__Provided data__
_ _ _ _
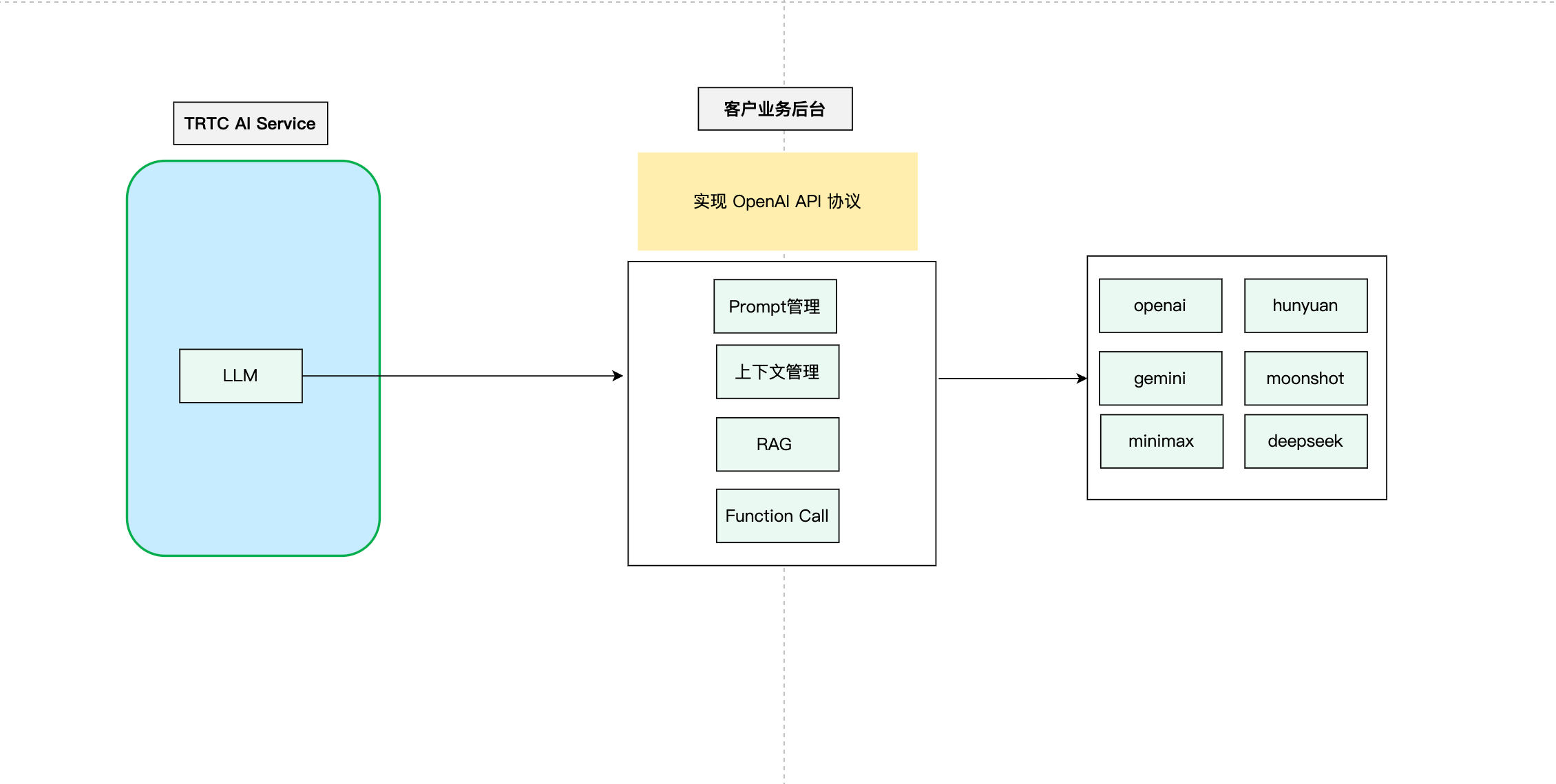 TRTC AI 实时对话支持任何符合 OpenAI 标准协议的 LLM 模型,也支持腾讯云智能体开发平台、Dify、Coze 等 LLM 应用开发平台,具体支持的平台可参见 LLMConfig 配置说明。
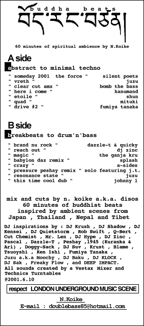 | buddha beatsイベントに来てもらった大学の友達がハードコア・ジャングルみたいなバキバキのアーメン・ブレイクにハマッて、ドラムンベースってカッコイイな〜と思ってくれたので、そのリクエストに応えて作ったテープ。(やっぱパンク野郎もドラムンは好きですね。)B面はどこまでもバキバキな音だけど、A面はあえて自分の最近やってみたかったことを独断と偏見で。ど〜考えてもマニアックな音だけど、どうしてもアブストラクトとミニマル・テクノを混ぜてみたかった。どーも合いますね。やっぱ、アブストラクトとミニマル。一回も音切らずにテンポもガンガン上がって、昇天していくようなミックスにしましたとさ.....。一発、流しで録音したから雑だけど、ライブ感があります。ちなみに、トランスっぽいジャケットにしたけど、あえて精神世界にトリップってことで、タイのアユタヤで撮ってきた写真を使いました。 |
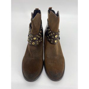 Guess Women's Brown Leather Studded Rhinestone Cowboy Ankle Boots Heels Sz 7.5M
_ _ _ _
__Your assignment__
Give back each line above verbatim, dropping every picture.

__Solution to the exercise__
 TRTC AI 实时对话支持任何符合 OpenAI 标准协议的 LLM 模型,也支持腾讯云智能体开发平台、Dify、Coze 等 LLM 应用开发平台,具体支持的平台可参见 LLMConfig 配置说明。
 | buddha beatsイベントに来てもらった大学の友達がハードコア・ジャングルみたいなバキバキのアーメン・ブレイクにハマッて、ドラムンベースってカッコイイな〜と思ってくれたので、そのリクエストに応えて作ったテープ。(やっぱパンク野郎もドラムンは好きですね。)B面はどこまでもバキバキな音だけど、A面はあえて自分の最近やってみたかったことを独断と偏見で。ど〜考えてもマニアックな音だけど、どうしてもアブストラクトとミニマル・テクノを混ぜてみたかった。どーも合いますね。やっぱ、アブストラクトとミニマル。一回も音切らずにテンポもガンガン上がって、昇天していくようなミックスにしましたとさ.....。一発、流しで録音したから雑だけど、ライブ感があります。ちなみに、トランスっぽいジャケットにしたけど、あえて精神世界にトリップってことで、タイのアユタヤで撮ってきた写真を使いました。 |
 Guess Women's Brown Leather Studded Rhinestone Cowboy Ankle Boots Heels Sz 7.5M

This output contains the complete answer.